Mid-summer liquidity and de-risking ahead of the aforementioned central bank events seems to be the driver behind the unusual correlation breakdown of the USD with other risk assets this morning. While it isn’t a major unwind, seeing the dollar net strengthen while other asset classes move in more logical directions, given the expected aggregate central bank dovishness, is worth noting.
With respect to the Fed, as no cut is expected this week, all eyes or on how the statement will acknowledge improvements in price pressures in tandem with some signs of employment slowdown and how they both pertain to a cut in September, which is now fully priced in...again. In fact, since the start of this month the market is now expecting two full rate cuts by year end and has 70% odds for a 3rd cut. However, much of the “Fedspeak” leading up to the quiet period ahead Wednesday’s meeting has been cautious and balanced as the inflation and jobs data mentioned above has been positive but far from groundbreaking.
In the interest of market stability, the Fed may need to be more balanced than usual given the next meeting is 1.5 months away. As such, Jerome Powell’s speech in August at The Jackson Hole Economics Symposium will be the next major Fed event risk.
Additional thematic highlights as well as this week’s event calendar:
- USD/JPY is now 5% lower from the highs seen at the beginning of this month as speculation that Wednesday’s Bank of Japan rate decision will provide enough hawkishness to keep all the Yen sellers at bay. The market is expecting either a cut in bond-buying or a rate hike, with some even expecting both. This has led to a major unwind in many carry trades such as that of MXN/JPY and BRL/JPY
- According to data from political betting sites, Vice President Harris’ odds of winning the presidential election have been steadily increasing over the last several days, putting some “Trump-trades” at risk (higher Treasury yields and stronger dollar amongst others)
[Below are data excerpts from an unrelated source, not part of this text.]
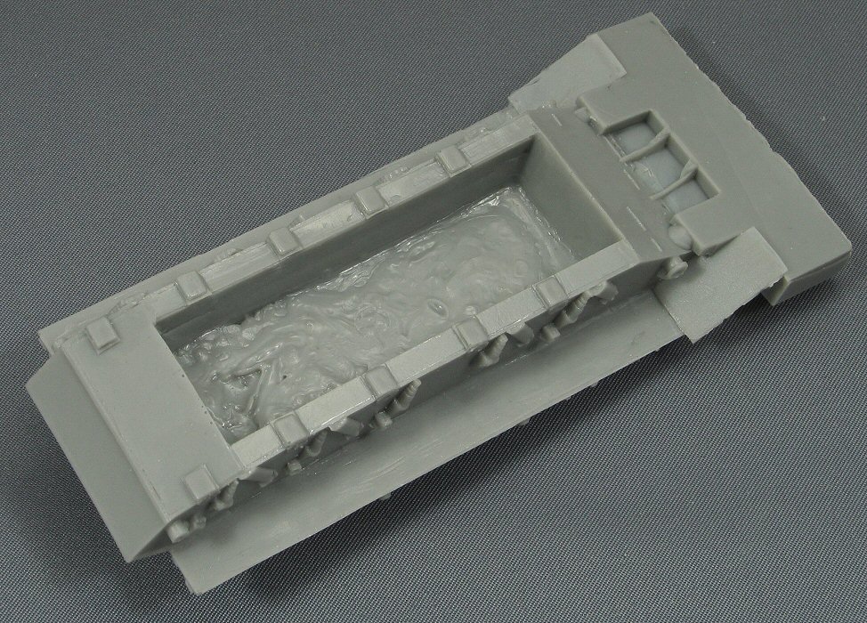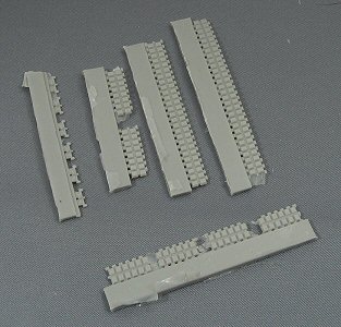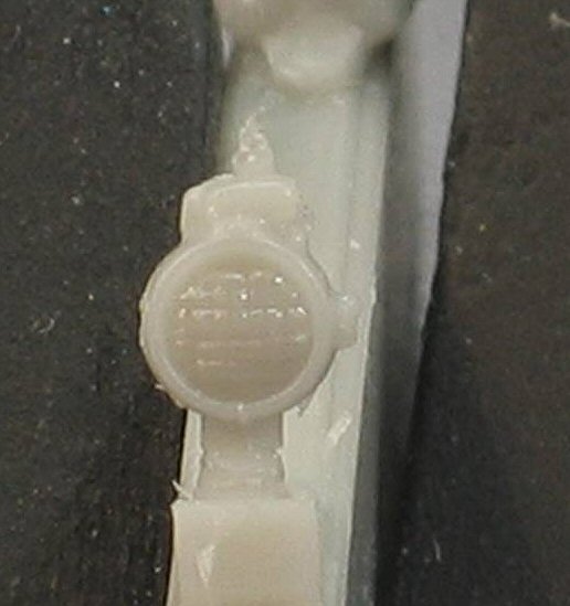 cardboard box. There is a small amount of flash on the smaller parts and some air bubbles can be seen. However, nothing dramatic. The level of detail in general is very sharp. Below some enlarged images as examples: a headlight and the spare track holder.. |
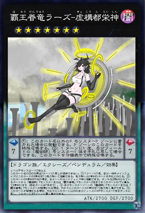 | レベル7Pモンスター×2体以上 このカード名の②の効果は1ターンに1度しか使用できない。①:1ターンに1度、自分・相手メインフェイズにこのカードのX素材を1つ取り除いて発動できる。取り除いたX素材のカードを手札に加える。②:このカードのX素材が0枚の場合、各ターンのエンドフェイズ時に発動できる。デッキ及び除外されているカードから「魔術師」Pモンスターまたは「覇王眷竜」Pモンスター2体までをこのカードの下に重ねてX素材にする(同名カードは1体まで)。③:自分モンスターゾーンの「魔術師」Pモンスターまたは「覇王眷竜」Pモンスターが破壊される場合、代わりにこのカードのX素材を1つ取り除く事ができる。④:このカードが破壊される場合、代わりにこのカード以外の自分フィールドのPモンスター1体をデッキに戻し、このカードをPゾーンに置く事ができる。 | |||
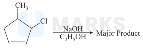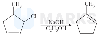 is alcoholic which is used for dehydrohalogenation of alkenes. This beta elimination is anti-elimination and Saytzeff alkene (more stable) is major product. In the given reaction, more stable conjugated alkene is formed as major product.
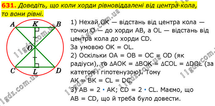 Доведіть, що коли хорди рівновіддалені від центра кола, то вони рівні. 1) Нехай OK — відстань від центра кола — точки O — до хорди AB, a OL — відстань від центра кола до хорди CD. За умовою OK = OL. 2) Оскільки OA = OB = OC = OD (як радіуси), то ∆AOK = ∆BOK = ∆COL = ∆DOL (за катетом і гіпотенузою). Тому AK = BK = CL = DC. 3) AB = 2 ∙ AK; CD = 2 ∙ CL. Маємо, що AB = CD, що й треба було довести.

- Donald Trump’s crypto-friendly speech over the weekend complemented his recent comments on the need for a weaker USD in order to help US manufacturers, an idea that current Treasury Secretary Yellen openly disagrees with
Event Calendar:
- Monday: ---
- Tuesday: US JOLTS Job Openings; Eurozone GDP; Mexico GDP; Brazil FGV Inflation; Microsoft quarterly earnings
- Wednesday: US Federal Reserve rate decision & ADP Employment Change; Canada GDP; Eurozone CPI; Brazil SELIC rate decision; Meta quarterly earnings
- Thursday: US Weekly Initial Jobless Claims; United Kingdom BoE rate decision; Eurozone Unemployment & ECB Economic Bulletin; Apple & Amazon quarterly earnings
- Friday: US Non-Farm Payrolls
EUR/USD is 0.3% lower on the day and 0.55% lower versus this time last week as the pair hovers near its 200-day moving average to the downside. While GDP and CPI in the common currency will be released this week, all attention remains to the Fed and its effect on the USD this week. While realized volatility in the pair has shrunk given the summer holiday season that same quiet can lead to exaggerated market moves on low liquidity levels as well, particularly near popular sources of resistance and in this case support via the 200-day moving average.
USD/CAD is slightly higher on the day and 1% higher versus this time last week, touching a 2024 year high this morning. While Canadian GDP is to be released this week, the market has focused on the rate differential between the two trading partners. While the US & Canada of course don’t move in perfect synchronicity with one another, the BoC has already cut two times while the Fed is looking to wait until September. Some are growing concerned about the possibility of a 3-cut differential and while that is currently rather unlikely, this theme has put pressure on the loonie over the course of the last week, more so than peers.
GBP/USD is essentially unchanged on the day and -0.5% versus this time last week as the market waits for the dual Fed & BoE decisions this week. The consensus is for the first cut of the cycle for the Bank of England although there are a number of analysts that remain in the “unchanged” camp. The lack of strong consensus implies potential price volatility to come. The pair has drifted 1.5% lower from the highs seen in the middle of July but is still 1.85% above the lows seen at the start of the month.
USD/MXN is 1% higher on the day and 3.35% higher versus this time last week, one of the worst performers amongst its peers. Two primary themes have emerged regarding peso weakness as of late:
- A potential Trump victory would create a “round 2” of confrontation given the renewed issues at the border
- More recently, the reversed weakness of the Japanese Yen has made a popular carry trade (sell JPY, buy MXN) rather crowded and less profitable than in the past Unusually, the Bank of Japan meeting on Wednesday may have just as much effect on the peso as the US Fed decision.
USD/BRL is flat on the day but 1.1% higher versus this time last week, largely due to one of the same themes as in USD/MXN, the strength of the JPY (described above). Recent JPY strength has unwound many popular carry trades, BRL/JPY included. The high domestic rates in Brazil have been an attractive place to lend while borrowing in JPY which has effectively maintained a 0 interest rate policy while the rest of the developed world hiked rates to counter runaway inflation. Now that there is risk that the Bank of Japan raises rates this week the trade has unwound very fast causing a week BRL across multiple pairs, not just the JPY. The Brazilian real has one of the largest sensitivities to event risk this week as the Fed, Bank of Japan, and the Brazilian Central Bank all update their rate policies this week.